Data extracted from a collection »
************
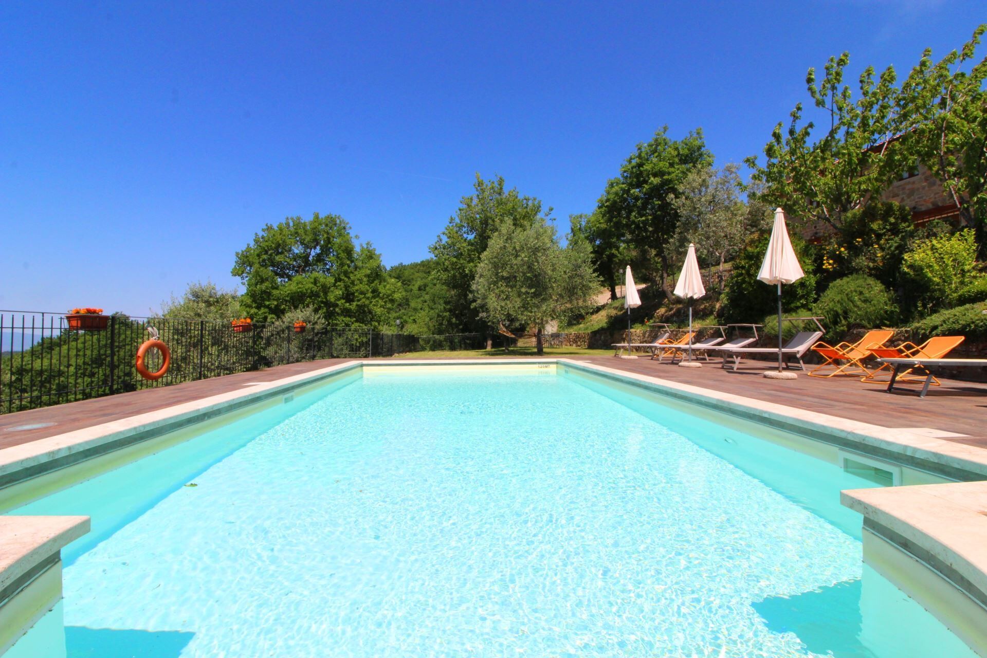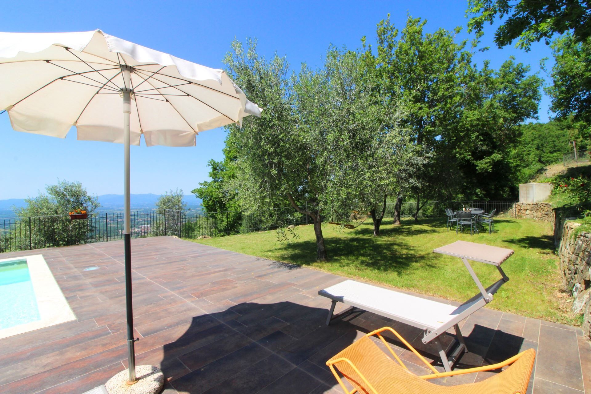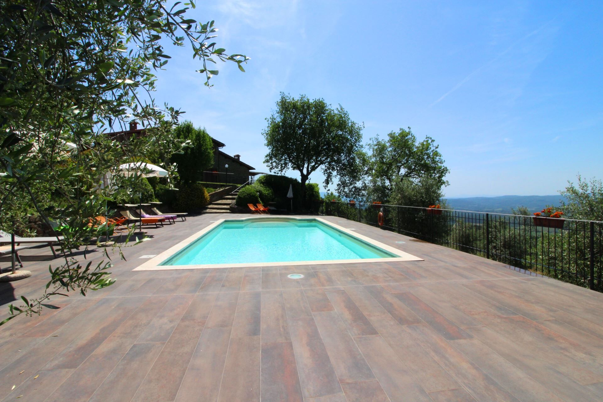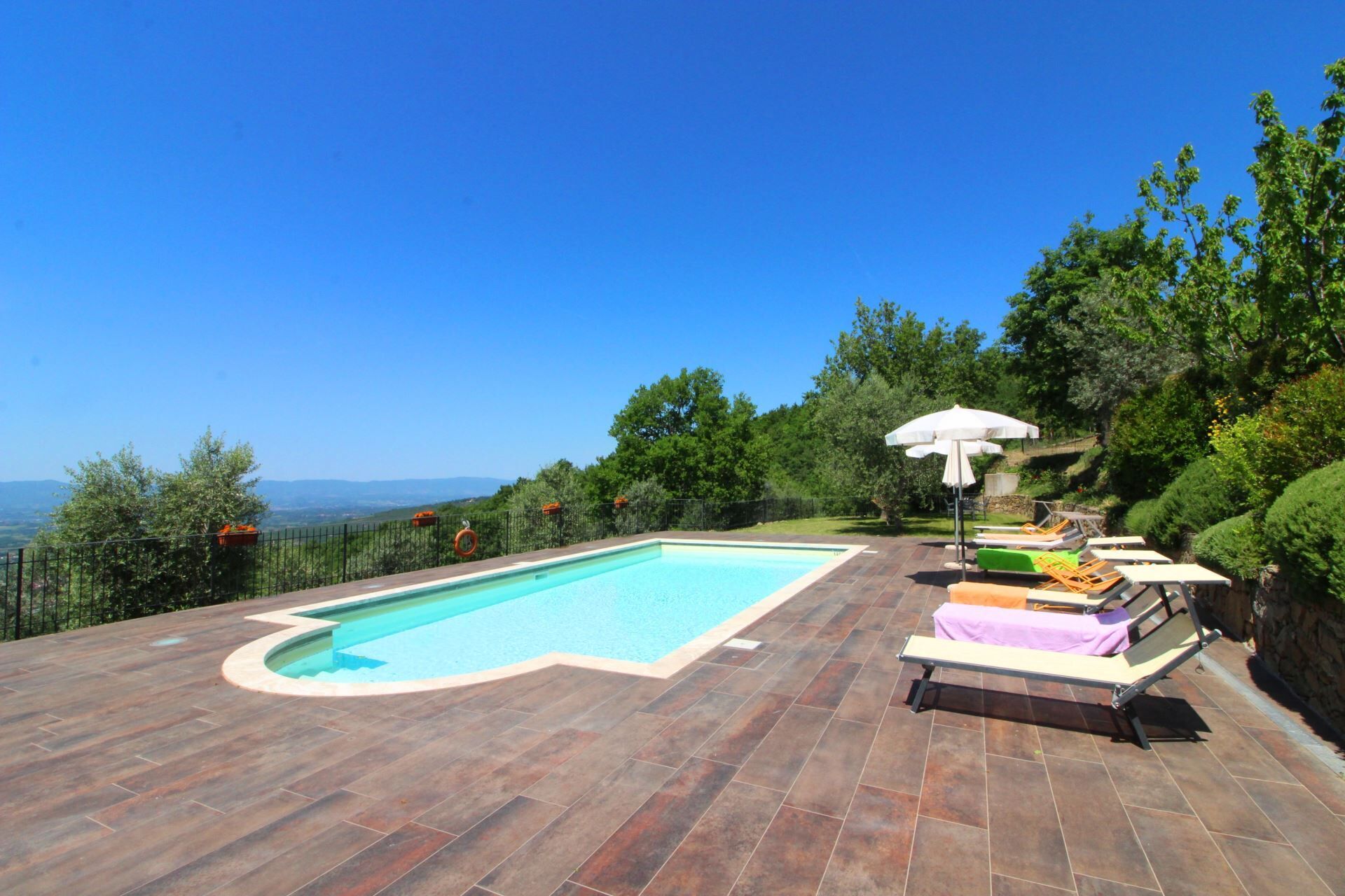 All around the house there is a large garden where each apartment has a private area with a gazebo furnished with table and benches for eating outdoors. Next to the house there is a beautiful panoramic swimming pool completely fenced (size 5x10 m - depth 1.20 m) equipped with solarium, sunbeds and umbrellas and built on a natural terrace that offers a unique view over the Arno valley and the town of San Giustino Valdarno.
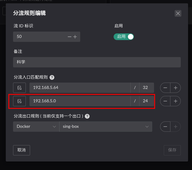 我的软路由的lan口ip为192.168.5.1,所以我设置为192.168.5.0/24用来匹配所以ip地址
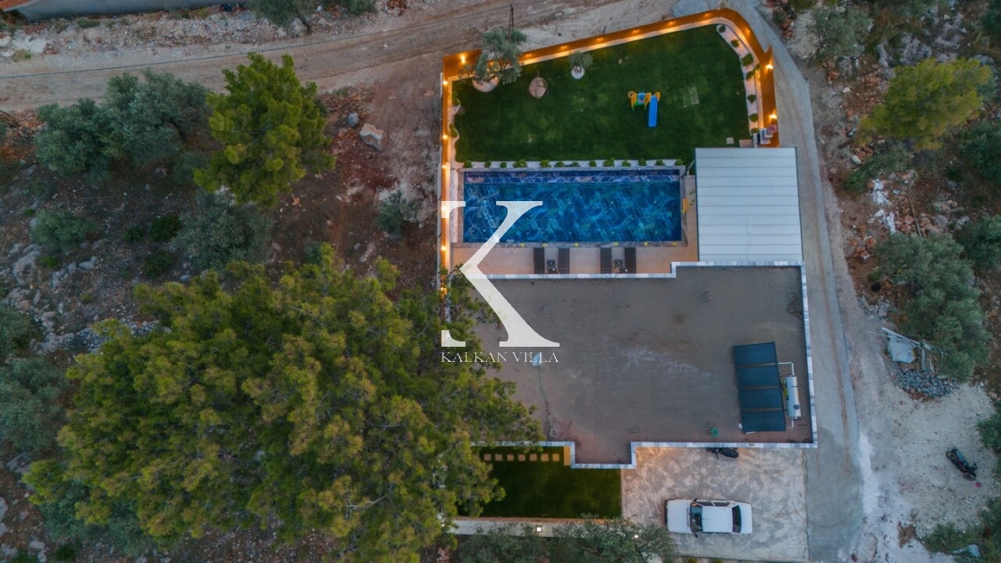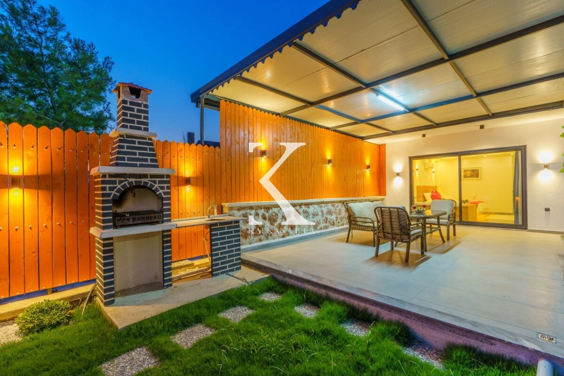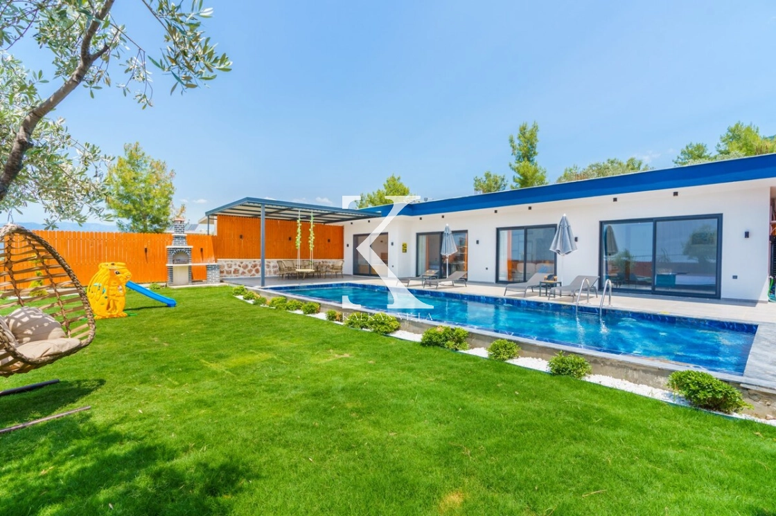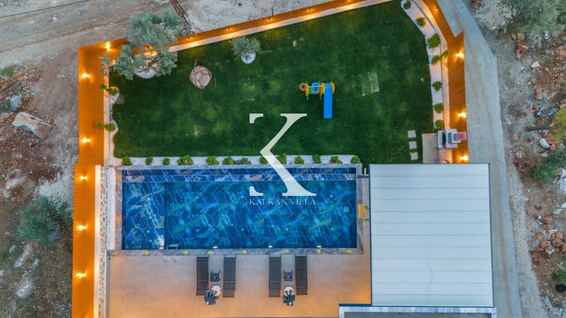 Tamamen korunaklı olarak tasarlanan villanın geniş bahçesinde; özel yüzme havuzu, çocuk havuzu, şezlonglar ve barbekü alanı bulunmaktadır. Bahçe alanı dışarıdan görünmeyecek şekilde planlandığı için, özellikle mahremiyete önem veren aileler için büyük bir avantaj sağlar.
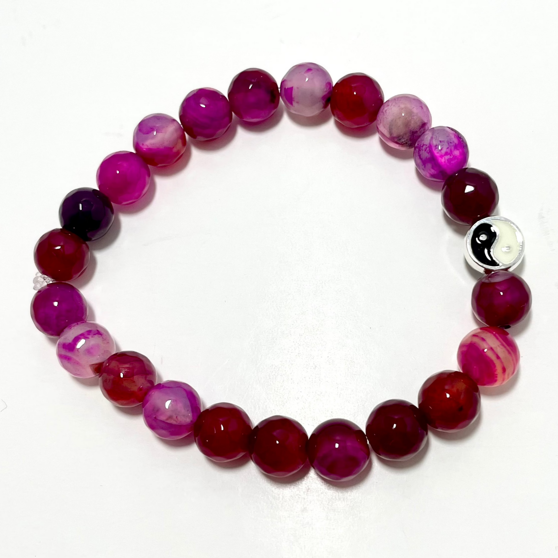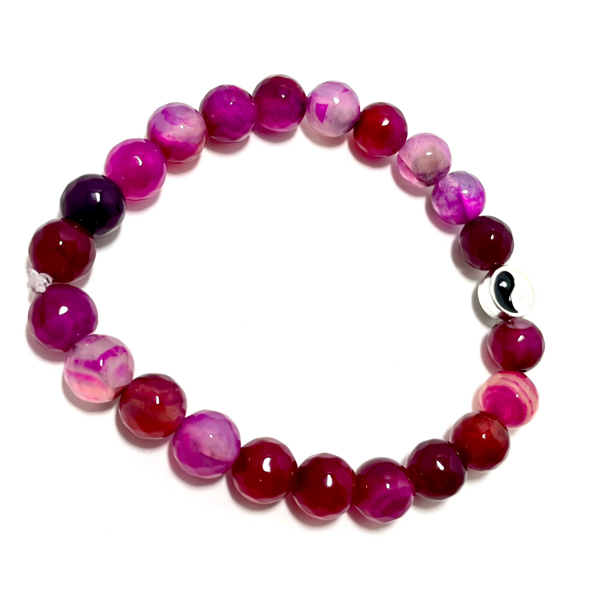 ☯️ 8mm Yin Yang Pink Agate Stretch Bracelet
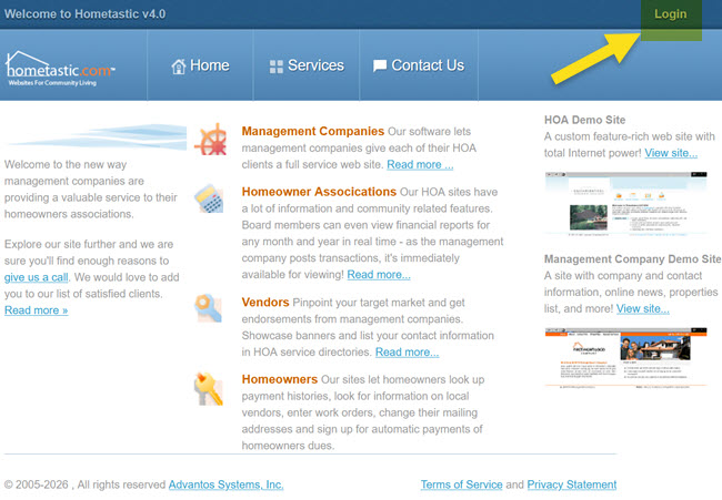 you by Advantos. If one of your clients manages their own site select "HOA" instead
************
Directions » Each record above goes into the copy word for word; the pictures do not.

Response to this task »
 All around the house there is a large garden where each apartment has a private area with a gazebo furnished with table and benches for eating outdoors. Next to the house there is a beautiful panoramic swimming pool completely fenced (size 5x10 m - depth 1.20 m) equipped with solarium, sunbeds and umbrellas and built on a natural terrace that offers a unique view over the Arno valley and the town of San Giustino Valdarno.
 我的软路由的lan口ip为192.168.5.1,所以我设置为192.168.5.0/24用来匹配所以ip地址
 Tamamen korunaklı olarak tasarlanan villanın geniş bahçesinde; özel yüzme havuzu, çocuk havuzu, şezlonglar ve barbekü alanı bulunmaktadır. Bahçe alanı dışarıdan görünmeyecek şekilde planlandığı için, özellikle mahremiyete önem veren aileler için büyük bir avantaj sağlar.
 ☯️ 8mm Yin Yang Pink Agate Stretch Bracelet
 you by Advantos. If one of your clients manages their own site select "HOA" instead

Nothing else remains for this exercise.